• Work order: With the images removed, transcribe the listing that follows exactly.

• Data:

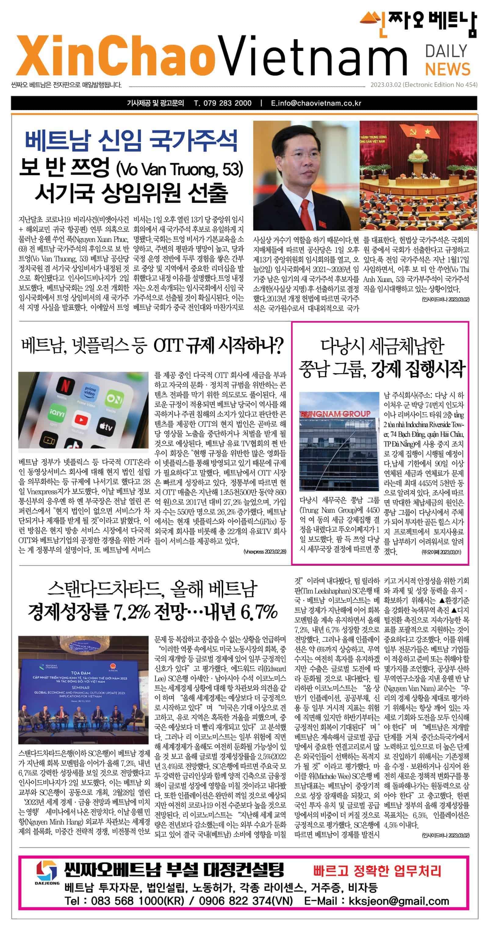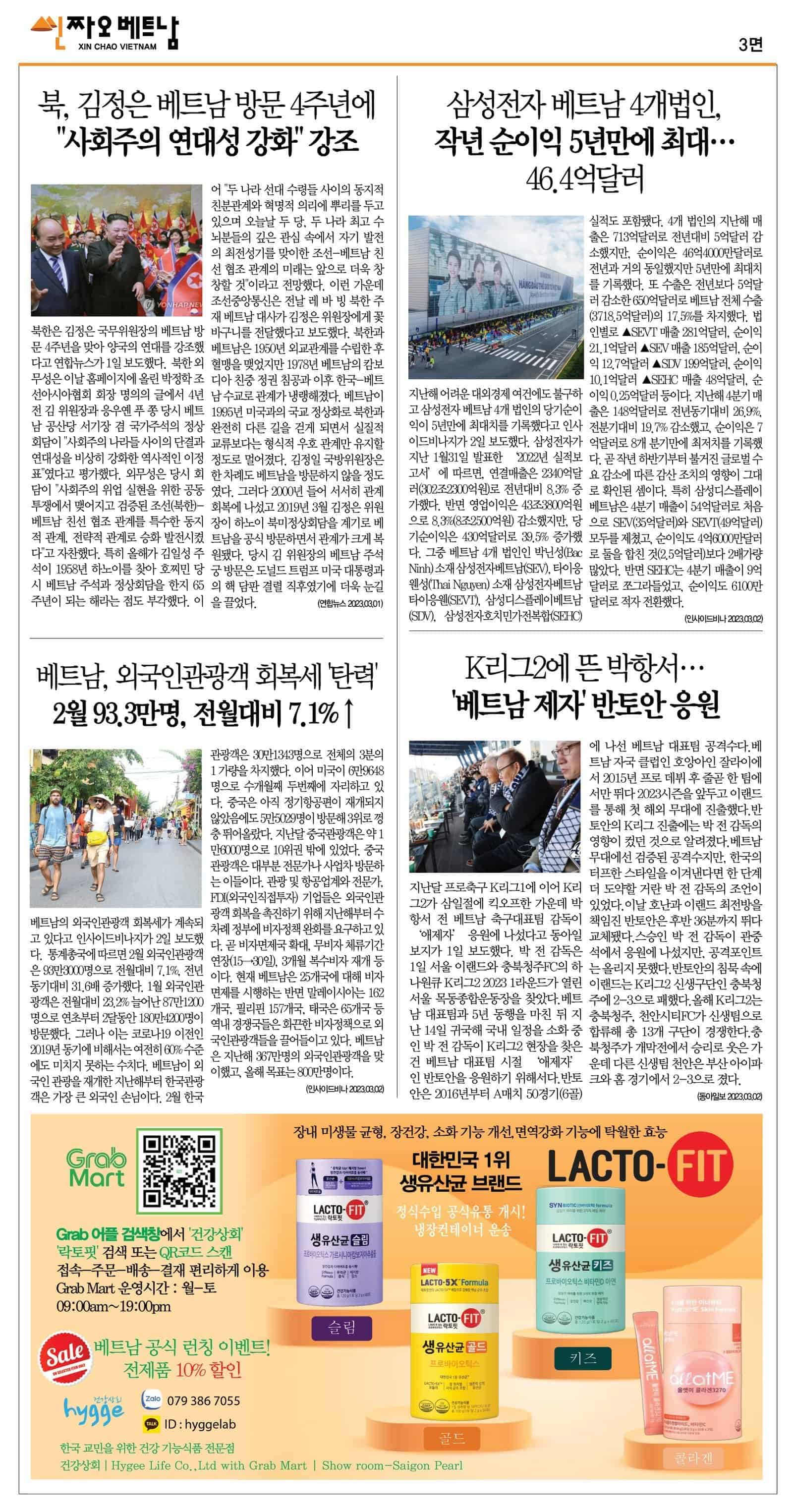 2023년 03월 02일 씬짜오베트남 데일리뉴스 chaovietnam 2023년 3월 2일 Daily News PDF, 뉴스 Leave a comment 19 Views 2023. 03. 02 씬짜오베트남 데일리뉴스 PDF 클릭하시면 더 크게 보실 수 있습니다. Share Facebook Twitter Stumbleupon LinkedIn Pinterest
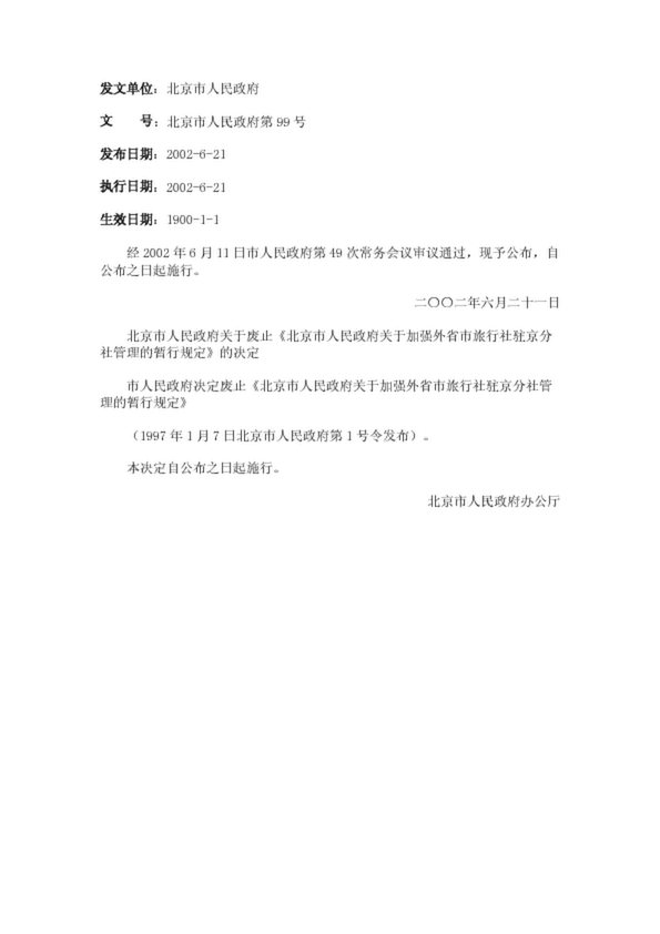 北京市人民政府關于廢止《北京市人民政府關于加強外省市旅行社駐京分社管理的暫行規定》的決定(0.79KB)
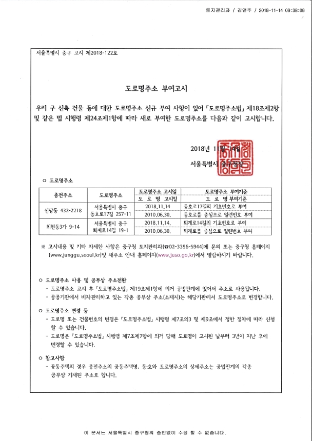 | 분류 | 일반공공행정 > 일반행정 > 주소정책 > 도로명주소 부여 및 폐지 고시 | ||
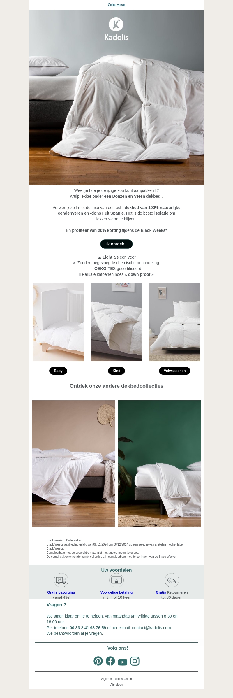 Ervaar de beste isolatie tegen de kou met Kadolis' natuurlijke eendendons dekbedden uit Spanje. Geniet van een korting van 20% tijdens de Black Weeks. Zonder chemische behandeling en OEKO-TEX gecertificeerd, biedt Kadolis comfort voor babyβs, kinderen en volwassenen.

• Response to the task:
 2023년 03월 02일 씬짜오베트남 데일리뉴스 chaovietnam 2023년 3월 2일 Daily News PDF, 뉴스 Leave a comment 19 Views 2023. 03. 02 씬짜오베트남 데일리뉴스 PDF 클릭하시면 더 크게 보실 수 있습니다. Share Facebook Twitter Stumbleupon LinkedIn Pinterest
 北京市人民政府關于廢止《北京市人民政府關于加強外省市旅行社駐京分社管理的暫行規定》的決定(0.79KB)
 | 분류 | 일반공공행정 > 일반행정 > 주소정책 > 도로명주소 부여 및 폐지 고시 | ||
 Ervaar de beste isolatie tegen de kou met Kadolis' natuurlijke eendendons dekbedden uit Spanje. Geniet van een korting van 20% tijdens de Black Weeks. Zonder chemische behandeling en OEKO-TEX gecertificeerd, biedt Kadolis comfort voor babyβs, kinderen en volwassenen.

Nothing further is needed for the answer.